Vanderbilt Epidemiology Center, Division of Epidemiology, Department of Medicine, Vanderbilt University, Nashville, TN 37203, USA.
Bioinformatics. 2011 Aug 1;27(15):2112-8. doi: 10.1093/bioinformatics/btr324. Epub 2011 Jun 23.
Next-generation targeted resequencing of genome-wide association study (GWAS)-associated genomic regions is a common approach for follow-up of indirect association of common alleles. However, it is prohibitively expensive to sequence all the samples from a well-powered GWAS study with sufficient depth of coverage to accurately call rare genotypes. As a result, many studies may use next-generation sequencing for single nucleotide polymorphism (SNP) discovery in a smaller number of samples, with the intent to genotype candidate SNPs with rare alleles captured by resequencing. This approach is reasonable, but may be inefficient for rare alleles if samples are not carefully selected for the resequencing experiment.

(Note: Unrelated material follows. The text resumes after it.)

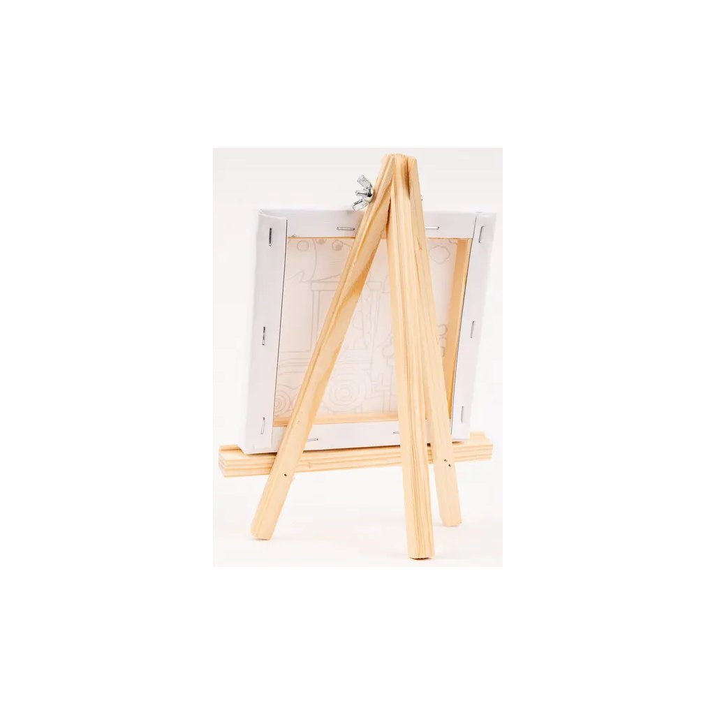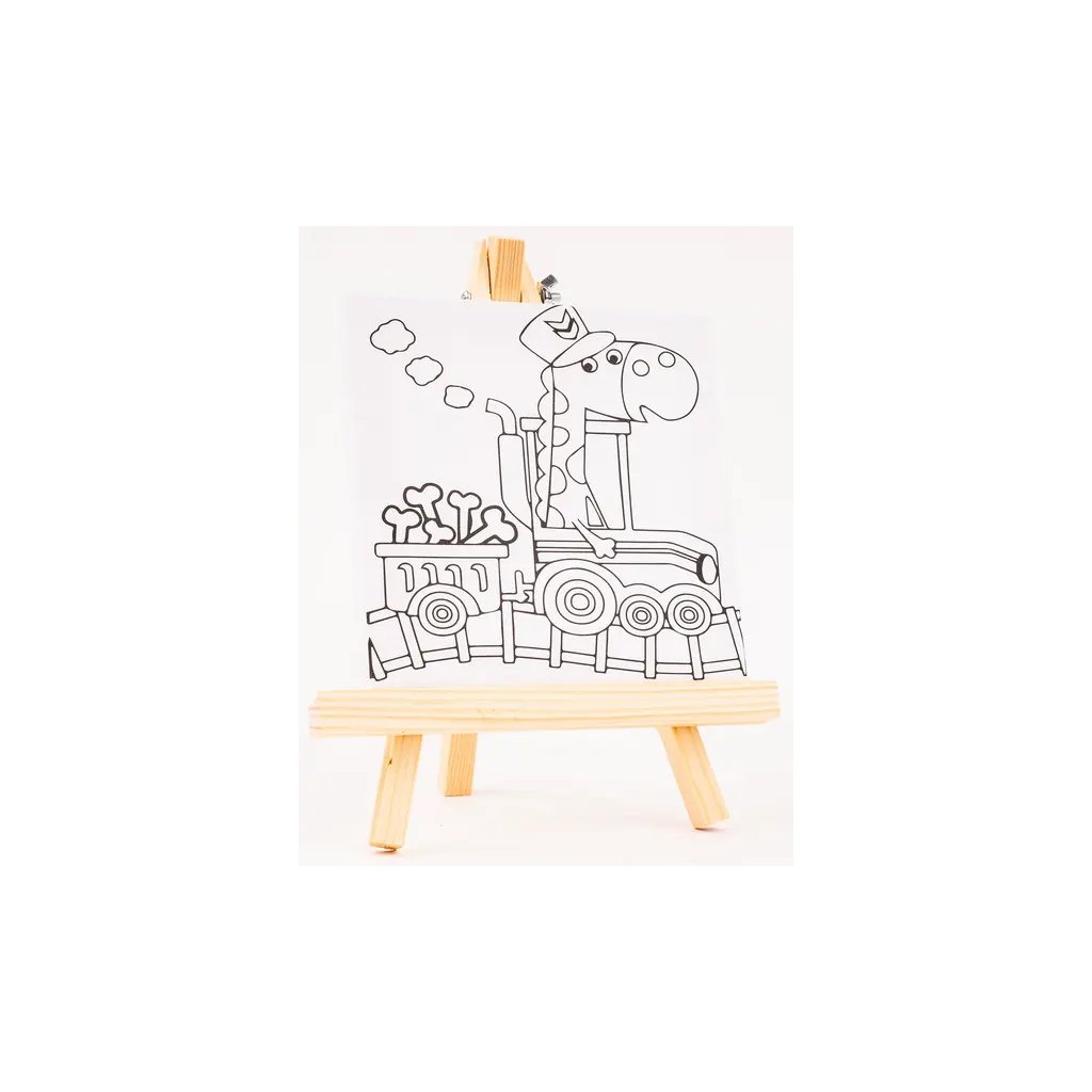 Jedná se o malířské plátno s předtištěným obrázkem žirafy ve vlaku, které je ideální pro začínající umělce a děti. V balení je také dřevěný stojan, na kterém si můžete hotové dílo vystavit. Plátno má jasně bílou barvu a rozměry 15 x 15 cm. Stojánek v motivu dřeva má rozměr 23 x 18 cm. Pro vymalování se dají použít různé techniky, jako jsou akvarelové fixy, akrylové barvy nebo barevné tužky.Doplňkové parametry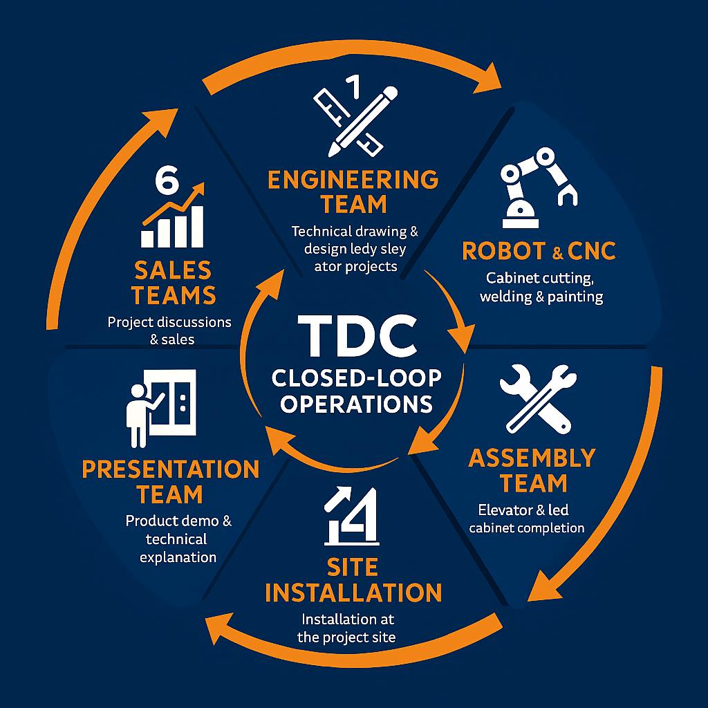 Thiết kế & R&D: đội ngũ kỹ sư nghiên cứu vật liệu mới, chip LED công nghệ cao, module màn hình chuẩn 4K, đảm bảo sản phẩm vừa đẹp, vừa bền, vừa tiết kiệm điện.

We have developed a probability-based approach, SampleSeq, to select samples for a targeted resequencing experiment that increases the yield of rare disease alleles substantially over random sampling of cases or controls or sampling based on genotypes at associated SNPs from GWAS data. This technique allows for smaller sample sizes for resequencing experiments, or allows the capture of rarer risk alleles. When following up multiple regions, SampleSeq selects subjects with an even representation of all the regions. SampleSeq also can be used to calculate the sample size needed for the resequencing to increase the chance of successful capture of rare alleles of desired frequencies.
对全基因组关联研究 (GWAS) 相关基因组区域进行下一代靶向重测序是后续研究常见等位基因间接关联的常用方法。然而,对具有足够覆盖深度的全基因组关联研究中的所有样本进行测序以准确调用罕见基因型的费用非常昂贵。因此,许多研究可能会在少数样本中使用下一代测序进行单核苷酸多态性 (SNP) 发现,目的是对通过重测序捕获的稀有等位基因的候选 SNP 进行基因分型。这种方法是合理的,但如果不对重测序实验进行仔细选择,对于稀有等位基因来说可能效率不高。
我们开发了一种基于概率的方法 SampleSeq,用于选择靶向重测序实验的样本,与从 GWAS 数据中基于关联 SNP 的基因型随机抽样或病例对照抽样相比,这种方法大大增加了罕见疾病等位基因的产量。这种技术允许对重测序实验进行更小的样本量,或者允许捕获更罕见的风险等位基因。在跟踪多个区域时,SampleSeq 选择具有所有区域均匀代表性的受试者。SampleSeq 还可用于计算重测序所需的样本量,以增加捕获所需频率的稀有等位基因的机会。